La loterie de la green card cristallise tellement d’espoirs que certains y ont vu l’opportunité de faire des affaires. Le formulaire est simple à remplir, seuls des renseignements concernant l’état civil sont demandés. L’inscription, qui, pour la quatrième année consécutive, doit obligatoirement se faire par Internet, est gratuite, précise le site officiel du département d’État américain. Et, est-il ajouté, l’administration ne répond pas des conseillers en cartes vertes et autres intermédiaires qui aident à remplir le formulaire moyennant finance (voir encadré p. 35). De même, aucune réponse ne sera envoyée par courriel. Il ne faut donc surtout pas tenir compte des courriers électroniques vous annonçant que vous êtes parmi les heureux élus et vous demandant de mettre la main au portefeuille pour entamer la procédure Quant à ceux qui trichent, en envoyant par exemple deux candidatures, ils en seront pour leurs frais : la machine détecte les doublons et annule tout bonnement la procédure. En réalité, ce ne sont pas 55 000 mais plus de 80 000 candidats qui, chaque année, entre mai et juillet, reçoivent un courrier leur annonçant la bonne nouvelle.
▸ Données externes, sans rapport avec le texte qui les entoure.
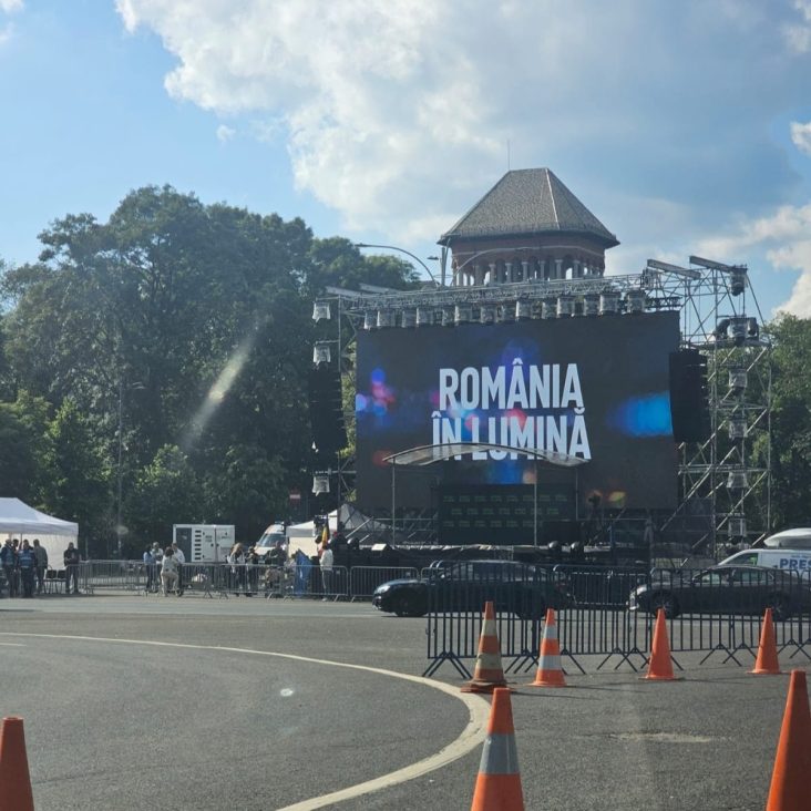 O sesizare a fost făcută la 112 faţă de dimensiunile prea mari şi care ar încălca reglementările legale ale ecranului electronic amplasat în Piaţa Victoriei pentru mitingul electoral organizat, duminică seară, de susţinătorii candidatului independent Nicuşor Dan.
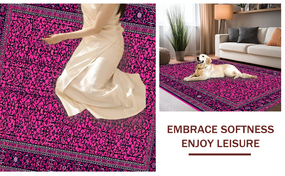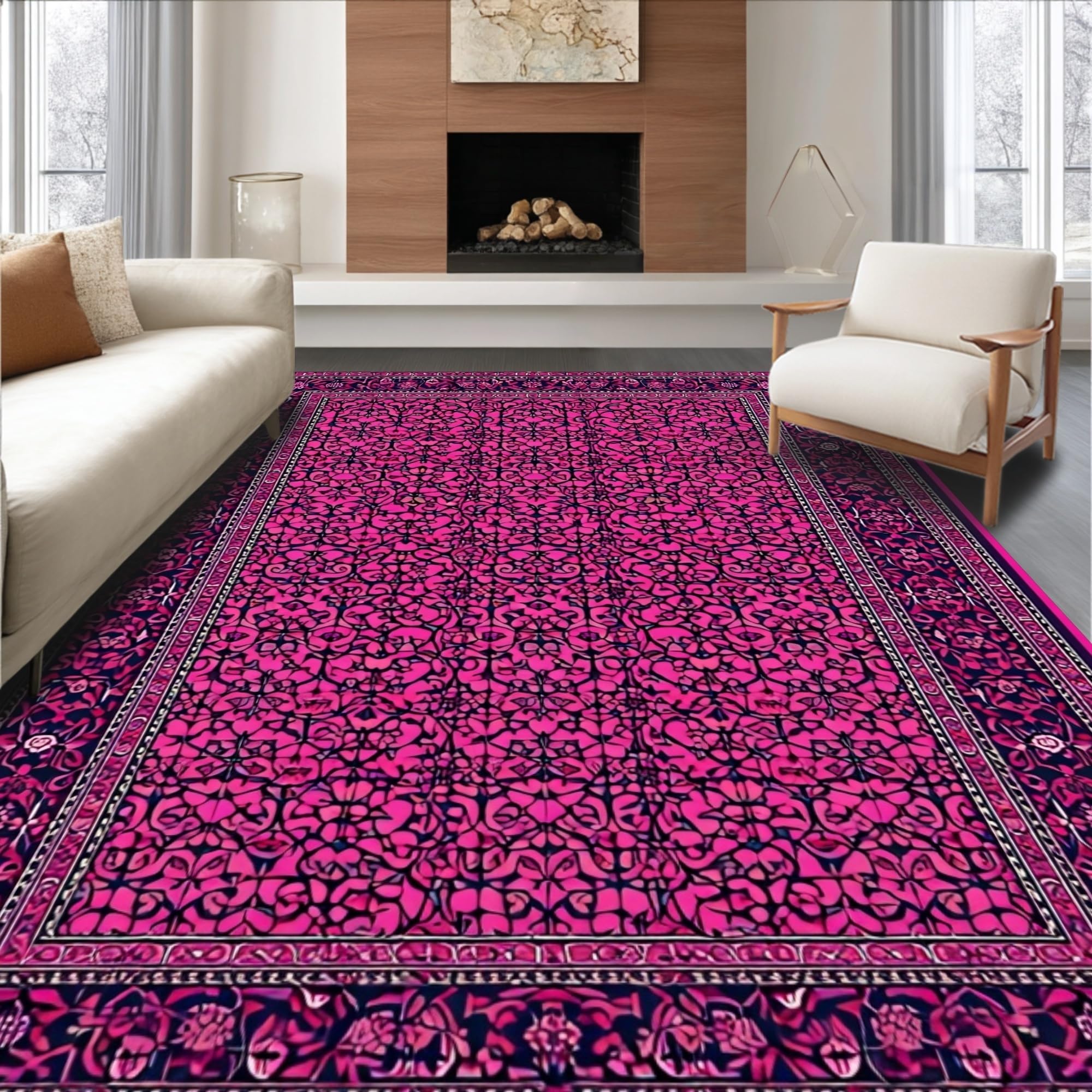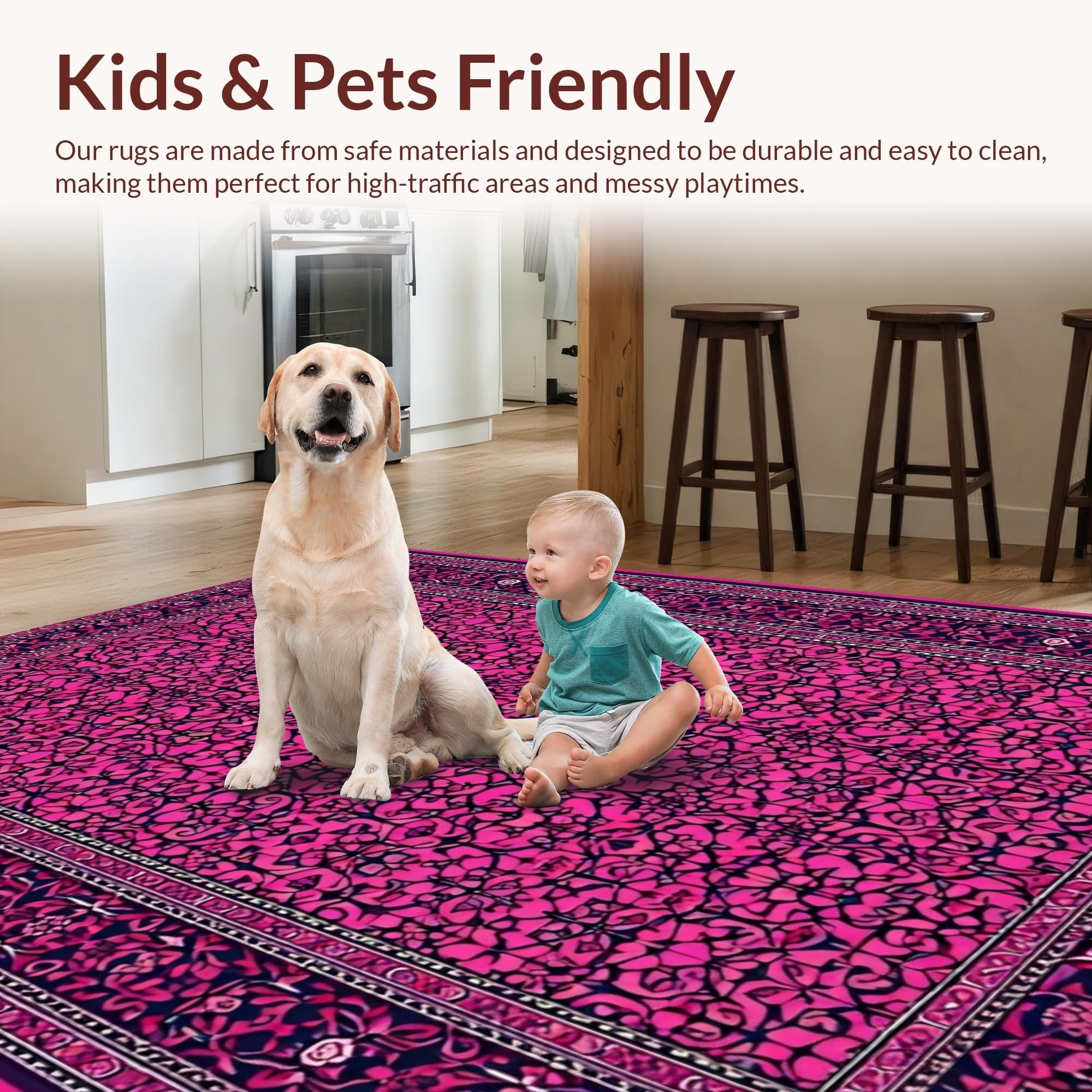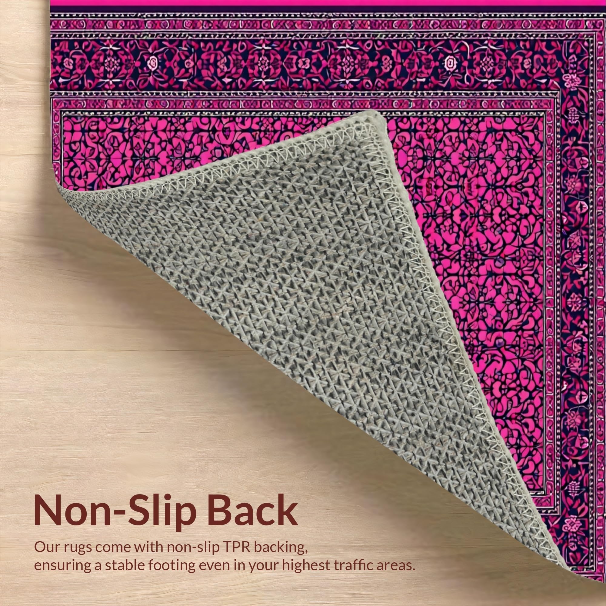 Ultra Soft Area Rug, Non Slip, Stain Resistant, Washable Area Rugs for Living Room, Bedroom, Rich Wineberry Floral Elegance(Pink) Overview:

Mais les services d’immigration savent d’expérience que près de 25 000 d’entre eux seront disqualifiés – pour avoir menti sur leur bac par exemple – ou se désisteront. Le magazine américain The New Yorker rapporte l’exemple de Raúl, jeune Péruvien tiré au sort pour tenter sa chance chez l’oncle Sam. « Je ne sais pas pourquoi je pars », lance-t-il à son père à l’aéroport. Comme beaucoup d’autres, le jeune homme ne parle pas anglais et ne connaît personne aux États-Unis. Mais il a essayé, car, dit-on, « l’Amérique est un eldorado ». Une telle aubaine ne se refuse pas… Il lui a tout de même fallu débourser l’équivalent de 400 euros pour diverses formalités entre le moment où il a reçu la lettre tant attendue et le jour où il a embarqué dans l’avion.
Aux États-Unis, le système ne fait pas l’unanimité. Il « menace la sécurité intérieure ! » peut-on lire sur la page Internet du député républicain Bob Goodlatte, pourfendeur de la loterie devant l’Éternel. Entre autres arguments, il cite le cas de Mohamed Hedayed : en 2002, cet Égyptien – qui a effectivement été tiré au sort – mitraille deux personnes au comptoir de la compagnie israélienne El Al, à l’aéroport de Los Angeles. De dangereux terroristes peuvent se cacher sur cette liste confiée aux bons soins de la providence, en déduit l’élu, un rien paranoïaque. Une telle loi encourage les clandestins à rester sur le sol américain dans l’attente de remporter la loterie, arguent d’autres voix. Plus sérieusement, il est effectivement difficile de soutenir que 55 000 immigrants, sur un total de 1 million de cartes de résident permanent délivrées chaque année (soit 5,5 %), puissent rétablir l’équilibre entre nationalités.